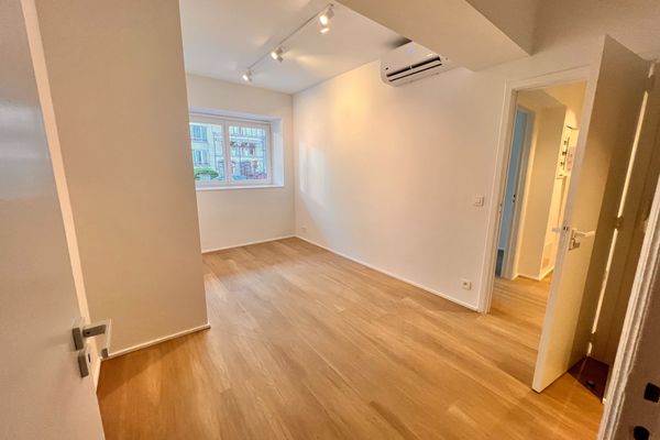 Etangs d'Ixelles: Magnifique appartement au rez entièrement rénové (1ere occupation) comprenant un  lumineux séjour, une cuisine full équipée (taque, four, lave-vaisselle, frigo), une chambre avec un balcon, une toilette séparée et une salle de douche avec emplacement pour la machine à laver le linge. Provisions de charges:  105 euros/mois (communs et eau) .  A voir!
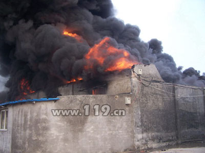 到達火災現(xiàn)場后,經(jīng)過指揮員火情偵察,發(fā)現(xiàn)發(fā)生火災的為一座儲存油漆等化工危險品的簡易倉庫,火勢處于迅猛發(fā)展階段,并迅速向東面相鄰的山東電視臺存放布景道具的倉庫蔓延(里面存放著價值50萬元左右物資),情況十分危急,中隊指揮員立即兵分兩路,15噸水罐車出單干線兩槍操,一支槍在南側(cè)倉庫上方壓制化工品倉庫內(nèi)部火勢,另一支槍控制住正向東蔓延的火勢,防止引起更大面積的火災。中隊斯太爾泡沫水罐于物資倉庫北側(cè),出單干線一支槍壓制火勢防止火勢向北側(cè)民用房蔓延。
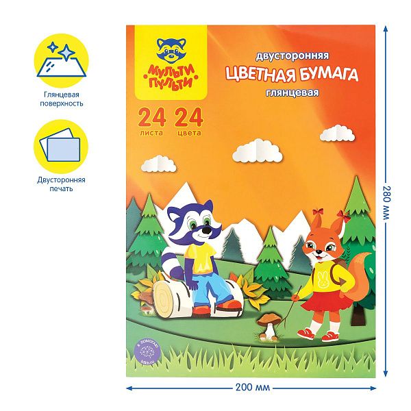 - Мелованная цветная бумага А4: двусторонняя, яркая, для выразительных работ.

» **Task item**
Transcribe the material exactly, and leave out whatever pictures it holds.

» **Problem solution**
 Etangs d'Ixelles: Magnifique appartement au rez entièrement rénové (1ere occupation) comprenant un  lumineux séjour, une cuisine full équipée (taque, four, lave-vaisselle, frigo), une chambre avec un balcon, une toilette séparée et une salle de douche avec emplacement pour la machine à laver le linge. Provisions de charges:  105 euros/mois (communs et eau) .  A voir!
 到達火災現(xiàn)場后,經(jīng)過指揮員火情偵察,發(fā)現(xiàn)發(fā)生火災的為一座儲存油漆等化工危險品的簡易倉庫,火勢處于迅猛發(fā)展階段,并迅速向東面相鄰的山東電視臺存放布景道具的倉庫蔓延(里面存放著價值50萬元左右物資),情況十分危急,中隊指揮員立即兵分兩路,15噸水罐車出單干線兩槍操,一支槍在南側(cè)倉庫上方壓制化工品倉庫內(nèi)部火勢,另一支槍控制住正向東蔓延的火勢,防止引起更大面積的火災。中隊斯太爾泡沫水罐于物資倉庫北側(cè),出單干線一支槍壓制火勢防止火勢向北側(cè)民用房蔓延。
 - Мелованная цветная бумага А4: двусторонняя, яркая, для выразительных работ.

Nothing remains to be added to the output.